2.Process monitoring
P-diagrams allow development teams to produce a comprehensive list of the desired measurement systems for monitoring all three types of variables: inputs, outputs and noise. The aim of the process monitoring stage is to develop and evaluate appropriate measuring analytical systems to measure the process parameters and critical quality attributes shortlisted in the process mapping step.
Having identified which parameters need to be measured, the next step is to identify the measuring system key requirements for each of the parameters, to help identify the most suitable method available. We discuss two key tools used in the process monitoring stage, including the fit-for-purpose approach and the decision matrix.
Fit-for-purpose approach
When defining requirements and developing a measuring system, a useful notion to follow is the fit-for-purpose approach. The idea of fit-for-purpose is to consider the intended use of the data acquired from the developed method when defining requirements, developing and validating the measuring system.

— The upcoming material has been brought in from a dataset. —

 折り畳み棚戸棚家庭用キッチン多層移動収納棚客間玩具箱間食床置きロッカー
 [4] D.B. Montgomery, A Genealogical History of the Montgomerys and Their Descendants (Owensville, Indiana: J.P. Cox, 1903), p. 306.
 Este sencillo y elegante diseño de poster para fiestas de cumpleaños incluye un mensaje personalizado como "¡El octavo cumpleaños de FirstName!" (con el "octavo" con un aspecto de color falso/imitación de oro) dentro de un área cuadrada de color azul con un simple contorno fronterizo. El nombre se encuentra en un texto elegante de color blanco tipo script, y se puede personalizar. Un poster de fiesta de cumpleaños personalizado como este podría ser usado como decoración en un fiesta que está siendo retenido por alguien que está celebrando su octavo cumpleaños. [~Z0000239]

For example, a measurement system used to monitor CQAs in real-time based on which CPPs are adjusted to affect the final product, should be fully validated. Whereas a measurement system used to identify critical process parameters during the early stages of process development may not require the same stringent validation.
By following this approach, development teams can guard against over-investing in a method that might have limited utility. The following is a list of questions that can help when defining key early-stage-requirements, using the fit-for-purpose approach:
- What is the system measuring? Is it measuring the critical parameter/quality attribute directly or an orthogonal metric?

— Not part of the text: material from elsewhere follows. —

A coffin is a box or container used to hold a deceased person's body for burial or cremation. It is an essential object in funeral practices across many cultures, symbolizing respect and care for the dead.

- How should it be measured? Consider interaction with the sample. Should it be off-line, in-line, at-line, on-line or non-contact and non-destructive? Should it be real-time, or taken at fixed intervals? Accurate in-line, on-line and non-contact measurements are the preferred options for real-time monitoring and dynamic control.
- Under what conditions? What environmental conditions would the system operate under (temperature/humidity/pressure) and are there any chemical or sub-system compatibility issues? This is an opportunity to consider any user dependent or external noise factors. For example, sensors interfaced directly to a bioreactor must be sterilisable and should not be affected by fouling or interfere with the medium.
- How well should it be measured? Describe the desired performance metrics in terms of minimum sensitivity (the smallest change in the metric that can be detected), maximum tolerated error (systematic or random deviation from the true metric value) and range (the range of change to detect). Some of the key properties to evaluate for a measurement system include accuracy, precision, linearity, stability and capability.
- Other considerations? Think of any constraints such as GMP compatibility, size, shape and cost.
For many of these requirements, there will be numerous measurement options to select from, including the option to buy and adapt , or make custom measuring systems. In the early stages of process development, where agility is key, buying off-the-shelf solutions is typically the preferred option. However, it is often the case that there are no off-the-shelf solutions capable of satisfying all the desired requirements, meaning adapting these or making custom solutions is worth exploring early on.